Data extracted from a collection
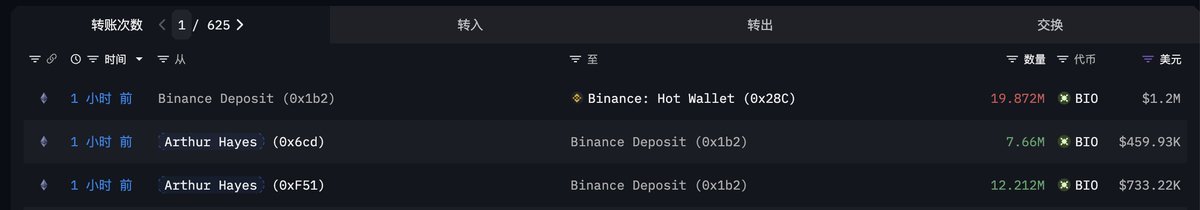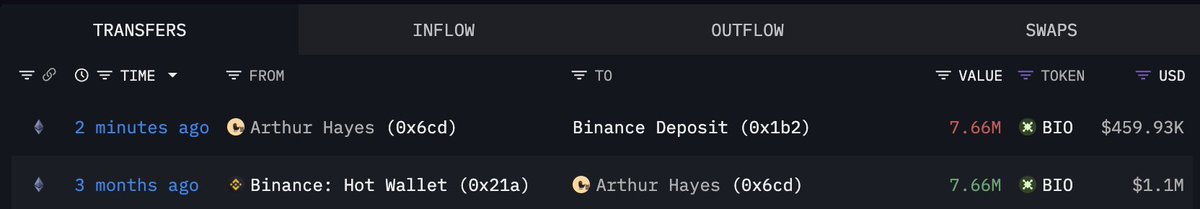 Arthur Hayes(@CryptoHayes) just deposited 7.66M $BIO($460K) to #Binance.
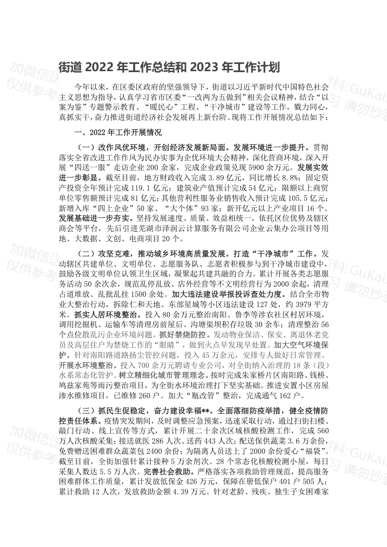 街道2022年工作总结和2023年工作计划(一)
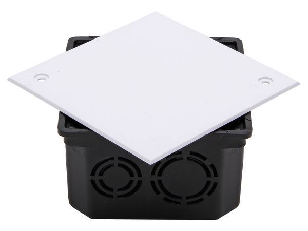 Abzweigkasten mit Randdeckel, 75x75mm, Farbe: schwarz, Farbe Deckel: weiß, IP30, max. 400V, 5x Eingang bis M20, 5x Eingang bis M25, zur Verlegung unter Putz, mit leicht ausbrechbaren
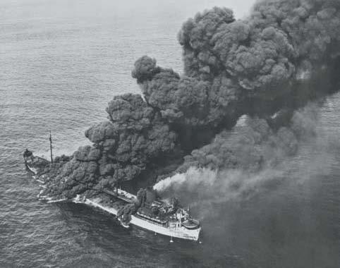 1942年7月15日,在美国佛罗里达州基韦斯特市以西约200千米的海面上,一艘美国油轮被德军U-571潜艇击中,浓烟冲天而起。但是最终这艘油轮幸运地逃过死劫,经过维修后,于次年重新开始服役。
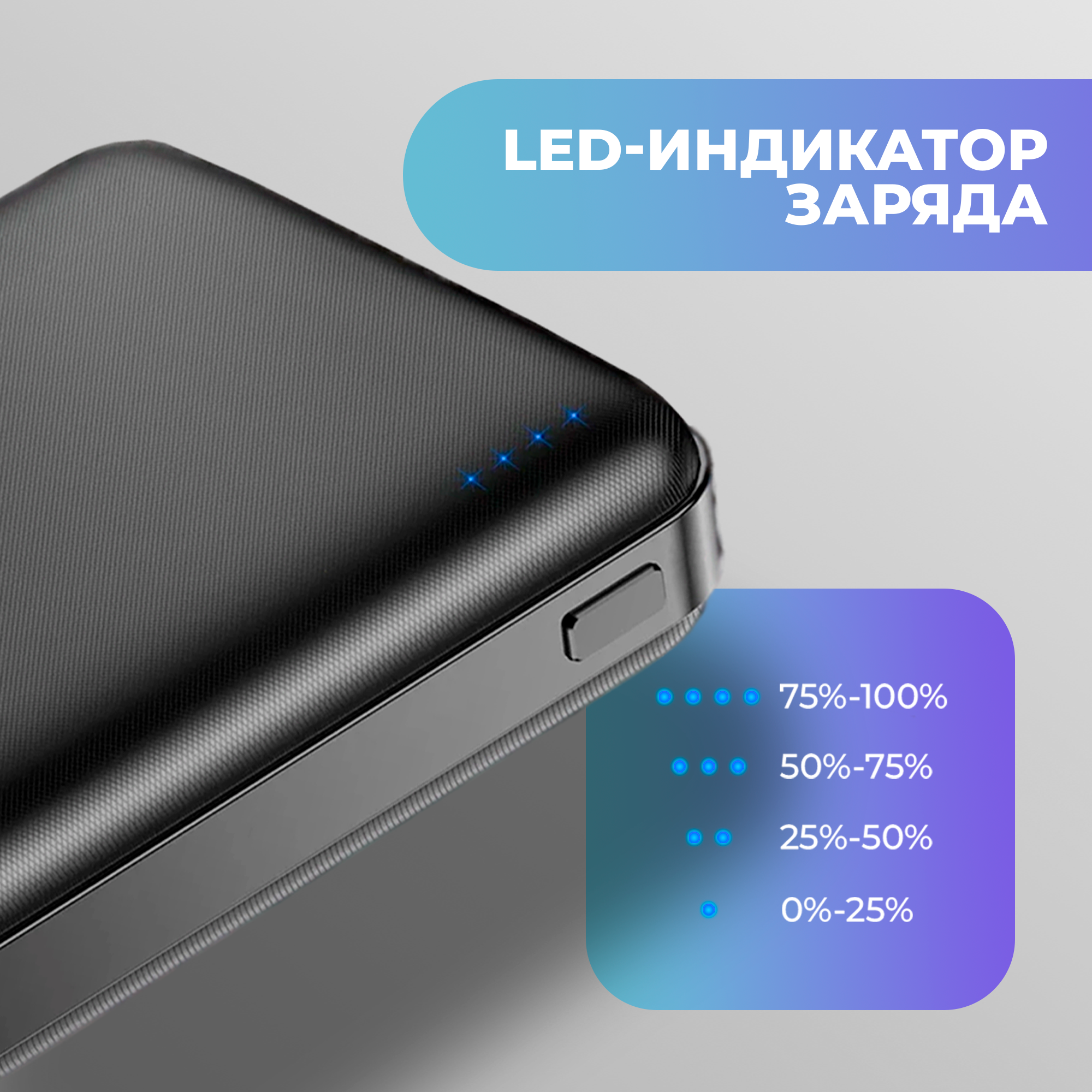 Купить Повербанк, 10000 mAh, 2.4 А, 2 USB, черный powerbank, пауэр банк, внешний аккумулятор, повербанк xiaomi, повербанк 10000
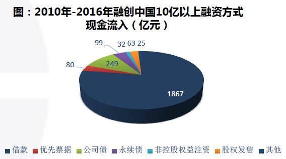 根据同策研究机构数据显示,从2010年到2016年中期,融创中国10亿元以上的融资活动现金流入,主要来自借款(含银行)、公司债及优先票据等融资渠道。

_Assigned task:_
In your copy of the records above, include every line exactly but no pictures.

_Task response:_
 Arthur Hayes(@CryptoHayes) just deposited 7.66M $BIO($460K) to #Binance.
 街道2022年工作总结和2023年工作计划(一)
 Abzweigkasten mit Randdeckel, 75x75mm, Farbe: schwarz, Farbe Deckel: weiß, IP30, max. 400V, 5x Eingang bis M20, 5x Eingang bis M25, zur Verlegung unter Putz, mit leicht ausbrechbaren
 1942年7月15日,在美国佛罗里达州基韦斯特市以西约200千米的海面上,一艘美国油轮被德军U-571潜艇击中,浓烟冲天而起。但是最终这艘油轮幸运地逃过死劫,经过维修后,于次年重新开始服役。
 Купить Повербанк, 10000 mAh, 2.4 А, 2 USB, черный powerbank, пауэр банк, внешний аккумулятор, повербанк xiaomi, повербанк 10000
 根据同策研究机构数据显示,从2010年到2016年中期,融创中国10亿元以上的融资活动现金流入,主要来自借款(含银行)、公司债及优先票据等融资渠道。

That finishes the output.